Tuesday, October 15, 2013

Culture Shock

Shock. Adjustment. W Curve. Stress.

I knew this phrase before. But I hadn't read much about it.

Okay, anything about it.

The word shock connotates a kind of violence. A jolt that stops the heart before it can catch its step and keep beating. The sudden chance of everything. Explosive. Traumatic. It happens all at once and it hurts and rings in your now deaf ears.

Moving to Bulgaria wasn't like that. Moving here felt like normal life. I didn't notice anything that looked or felt like shock or a shut down. It just felt like normally hard weeks or normally good weeks.





 But the past two weeks have been hard. Which pissed me off. It was hard and, literally, nothing was really wrong. I got a cold. I tried to cook things. I taught in something resembling a normal routine.

My insides were not having it. I was wallowing and I didn't know in what. The whole process scared me.

Then I remembered the phrase "culture shock". I looked it up. Did some reading. Read the descriptors from NorthWestern here.

Let's see if I qualify, shall we?

Exhaustion, fatigue, or changes to your appetite / Insomnia, difficulty establishing sleep patterns.
Check. I can't fall asleep at anywhere like the right times at night. My appetite is out of control weird.

Major concern over small health problems. / Heightened anxiety about sleeping arrangements.
Check. The way I flipped out at camp about the fleas. Or my fears when I first slept in my bed in Dobrich.

Homesickness
Check. Sorry Fraleigh. You get the brunt of this.

Fits of anger and frustration or depression alternating with elation
Check. (Snorts of deep bellied laughter) How did they know?!

Superior attitude expressed by complaints.
Check. It's kind of fun to boast about how my water cuts out or how I mounted a mini-war  with my apartment to make it livable.

Feelings of rejection, isolation, and loneliness.
Check. Am I just too weird to talk to, oh fellow teachers?

Feeling like a child. 
Check. Especially when I first arrived and couldn't buy food for myself, transport myself, find clothes by myself, talk by myself, etc.

 So that's why I've been such a mess!

I'm leaning towards using the term Culture Stress. Stress connotates a long term situation. A subtle strain that continues and continues until fatigue sets in and the heart rate still tries to rise. It happens during sleep and during waking hours.
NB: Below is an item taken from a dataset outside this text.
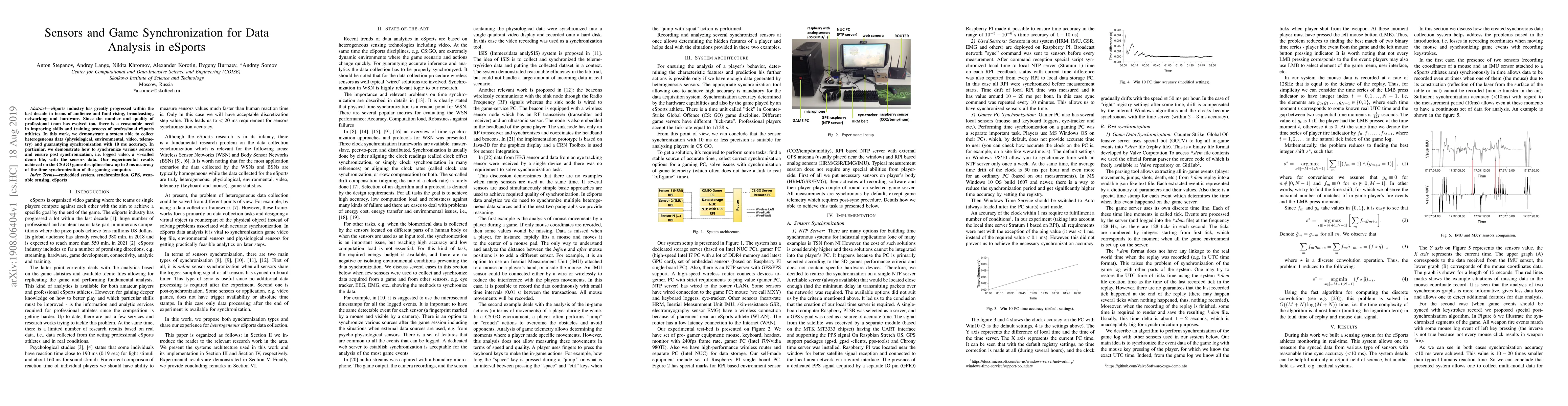 eSports industry has greatly progressed within the last decade in terms of audience and fund rising, broadcasting, networking and hardware. Since the number and quality of professional team has evolved too, there is a reasonable need in improving skills and training process of professional eSports athletes. In this work, we demonstrate a system able to collect heterogeneous data (physiological, environmental, video, telemetry) and guarantying synchronization with 10 ms accuracy. In particular, we demonstrate how to synchronize various sensors and ensure post synchronization, i.e. logged video, a so-called demo file, with the sensors data. Our experimental results achieved on the CS:GO game discipline show up to 3 ms accuracy of the time synchronization of the gaming computer.

I skipped the honeymoon stage. Or I totally had it last summer. This year, I jumped straight into the frustrations. Remember that post about my crying uncontrollably?

The biggest difference between my perception and the reality of culture stress has been the direction of it. I imagined it to be a selfish rejection of the new culture. I didn't know that it could become self directed. It is a tense assessment that something is wrong. Depending on your personality, it can be outwards directed, usually at the problems in the new culture, expressed as frustration and anger and complaints. Or it can be internalized. Something is wrong with me. I'm the failed one. I can't speak the language, I can't solve my own problems, I'm the problem. That's definitely the direction I've gone.

Internalizing. Expressed as depression.

Which is just as misplaced an emotion as complaints about the culture. I'm learning. I'm trying. It will take time.

Realizing this made everything so much easier.

And those moments of elation! Aren't they worth it? When I go to a new salsa class and dance really well even though I can't understand the teaching. When I buy a ticket with no problem. When some of my students tell me that Marinka, the lady who owns the corner store, says that my Bulgarian is very good. The fact that I know Marinka's name at all. When a student tells me that they loved my hashed up attempt at a lesson. When I start to put names together of students interested in ballroom dancing. When I successfully order something anywhere. When I know what a student said when they cursed out their neighbor in a combo of Bulgarian and Turkish and can address the problem.

Eventually, it will settle out. Things will be clearer. I'll panic less. Work harder when I stop wallowing in my feeling of childlike helplessness. I'll have the courage to pick up my GRE practice homework again and I'll have the courage to finally start learning new Bulgarian phrases again and I'll have the courage to go out and take longer walks because I won't be scared of losing my way.

Today is a new day. Let's go.



1 comment:

andafterthestorm said...

Ah yes, culture shock. It was initially pretty subtle for me when I moved overseas. I had three weeks of a honeymoon and then boom, reality hits, this whole, "oh wait, this is my life now."

I can totally relate to much of what you're sharing. It sounds like you are coming into a good place and taking it all head on. I found that just realizing what was happening made a huge difference.

Thanks for openly and honestly sharing your experience!